Daerah-daerah seperti HSU dan Batola di Kalimantan Selatan memang saat ini merupakan daerah yang sepi dari aktivitas pertambangan mineral dan energi seperti mineral dan batubara, namun ternyata menyimpan juga potensi pertambangan dan energi yang sebelumnya bahkan mungkin tidak pernah terlintas di pikiran. Sebagai contoh adalah potensi coalbed methane, energi surya, sampah organik tumbuhan, dan bahkan kotoran ternak.

Tulisan ini selain mengulas betapa kayanya Indonesia dan Kalsel akan sumberdaya mineral dan energi, juga mengingatkan kita bahwa dengan pendekatan kreatif dan berpikir “out of the box” maka segala macam potensi sumberdaya alam non konvensional (termasuk sampah sekalipun) dapat diolah dan dimanfaatkan untuk mendapatkan keuntungan ekonomi.

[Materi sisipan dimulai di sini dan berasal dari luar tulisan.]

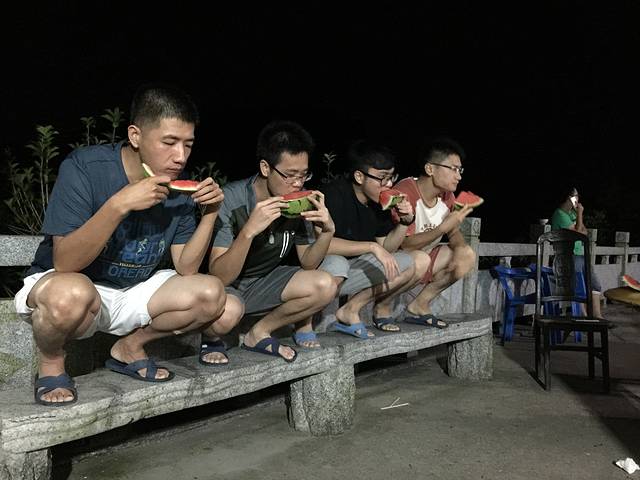 吃饭后,老板拿来了我们下午出发前吩咐他下山帮忙买的西瓜。用山泉水冰镇过的西瓜就是好吃。
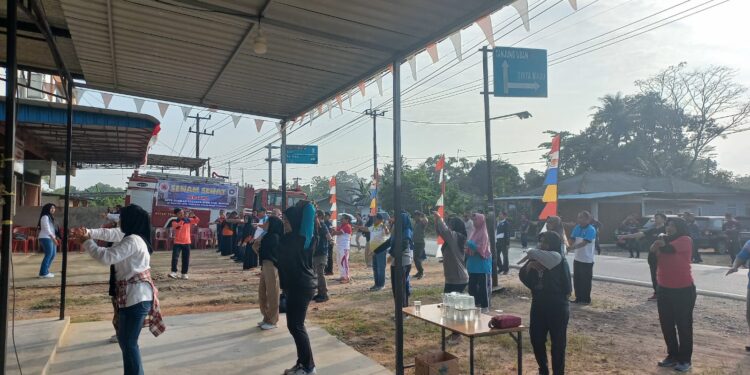 BINTAN – Badan Penanggulangan Bencana Daerah (BPBD) Bintan menggelar senam sehat bersama masyarakat di UPTD Damkar Toapaya, Kecamatan Gunung Kijang, Kabupaten Bintan.
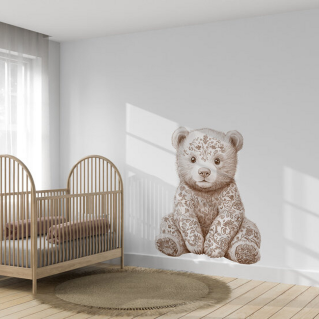 Dekorativer Wandsticker eines sitzenden Bären, ideal fürs Kinderzimmer. In zwei Größen erhältlich für ein warmes, verspieltes Ambiente. Lesen Sie mehr.
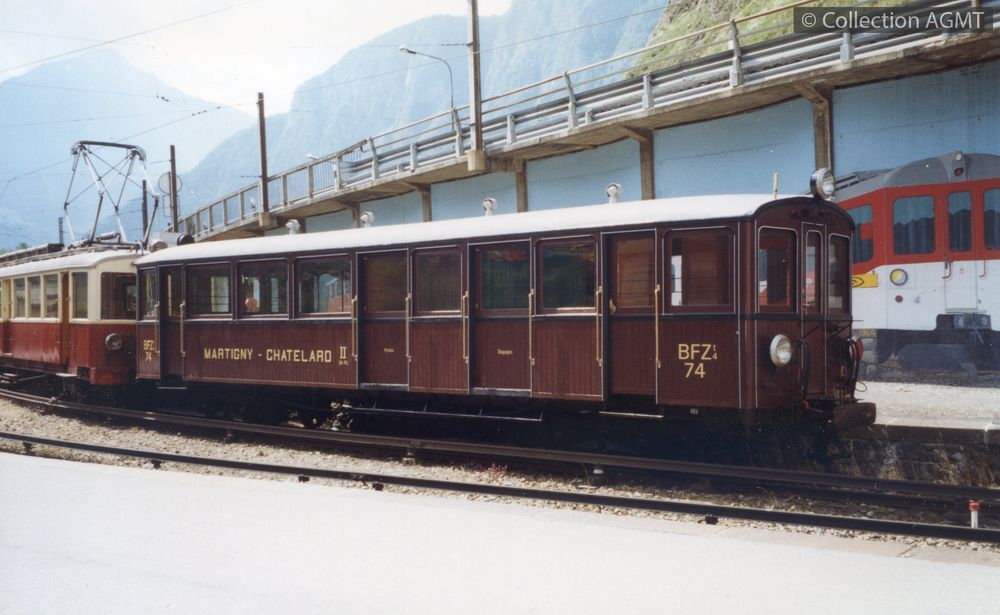 Un convoi de l'ATVT, formé de l'automotrice ABDeh 4/4 15 et de la voiture pilote BFZt 4 74, du MC, stationne en gare de Vernayaz [document graphique à deux dimensions] / Gaston Guignard, Photographe . - [S.l.] : Kodak, [ca 2000] . - 1 photographie : couleur ; 11 x 15 cm. Langues : Français ( fre) |  |
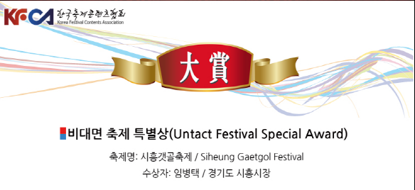 시흥시(시장 임병택) 대표축제인 시흥갯골축제가 ‘2021년 대한민국축제콘텐츠대상’에서 비대면 축제 특별상을 수상했다.
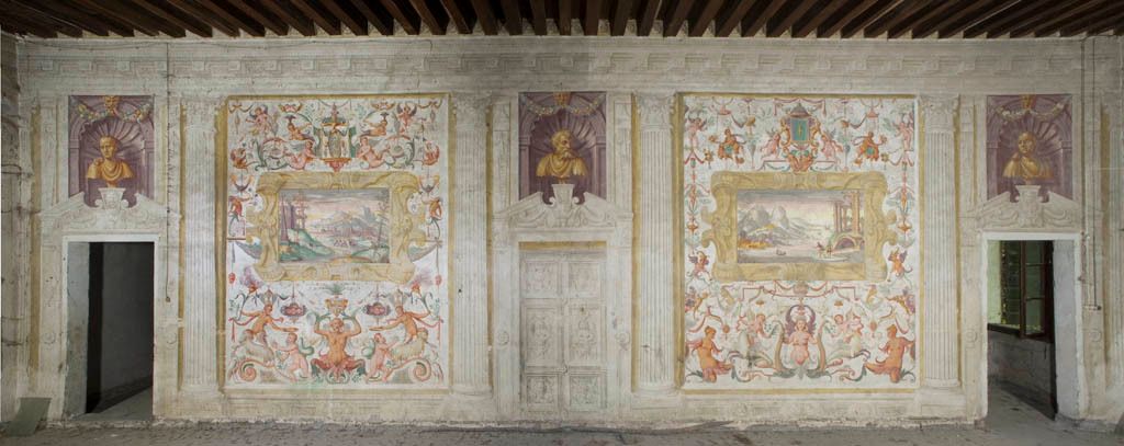 - Descrizione: La prima stanza che si apre a destra verso il salone passante risulta priva di affreschi visibili sotto lo scialbo, mentre nella seconda sono state portate in luce solo due figure allegoriche sulle sovrapporte.
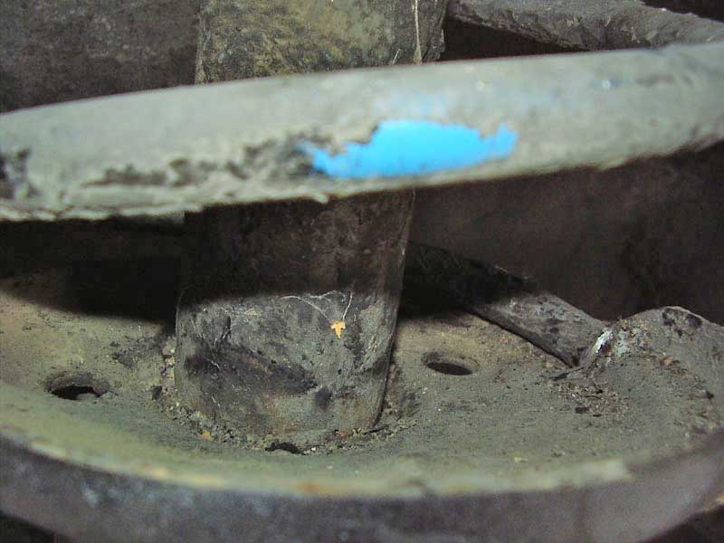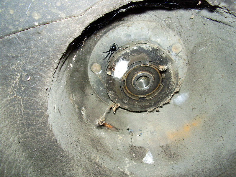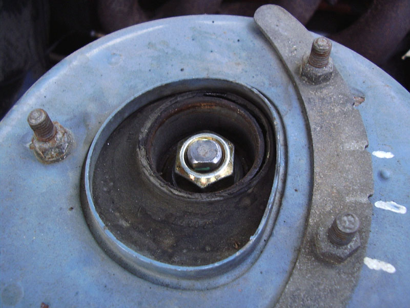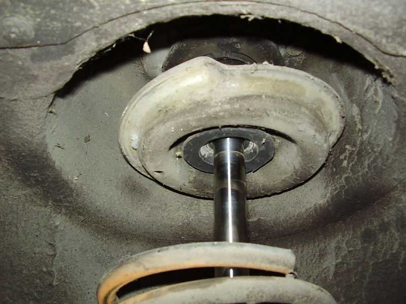 Now put the top spring perch back on the strut shaft and try to line up the shaft with it's hole.

Profil Pertambangan dan Energi Indonesia

Secara geologis, Indonesia yang merupakan zona tumbukan antara 2 lempeng benua: Indo-Australia dan Eurasia memberikan dampak positif berupa melimpahnya sumberdaya mineral dan energi yang dimiliki Indonesia seperti: emas, tembaga, intan, nikel, bijih besi, mangan, migas, batubara, coalbedmethane, dan berbagai jenis bahan galian industri. Saat ini Indonesia berada di peringkat kedua sebagai produsen timah terbesar dunia, peringkat ketiga produsen tembaga dunia, peringkat keempat produsen nikel dunia, dan memiliki cadangan yang besar emas dalam satu lokasi (Freeport-Papua).

Di kategori energi, Indonesia juga menduduki: peringkat 25 negara dengan potensi minyak terbesar (4.3 milyar barrel), peringkat 21 penghasil minyak mentah terbesar dunia (1 juta barrel/hari), peringkat 24 negara pengimpor minyak terbesar (370.000/hari), peringkat 22 negara pengonsumsi minyak terbesar (1 juta barrel/hari), peringkat 13 negara dengan cadangan gas alam terbesar (92.9 trillion cubic feet), peringkat 8 penghasil gas alam terbesar dunia (7.2 tcf), peringkat 18 negara pengonsumsi gas alam terbesar (3.8 bcf/hari), peringkat 2 negara pengekspor lng terbesar (29.6 bcf), peringkat 16 negara dengan cadangan batubara terbesar (11.5 milyar ton), peringkat 18 negara pengonsumsi batubara terbesar (27.7 juta ton equivalen), peringkat ketujuh produsen batubara, peringkat kedua negara pengekspor batubara terbesar batubara di dunia, dan peringkat 19 negara penghasil gas co2 dari sektor industri (359 juta ton co2).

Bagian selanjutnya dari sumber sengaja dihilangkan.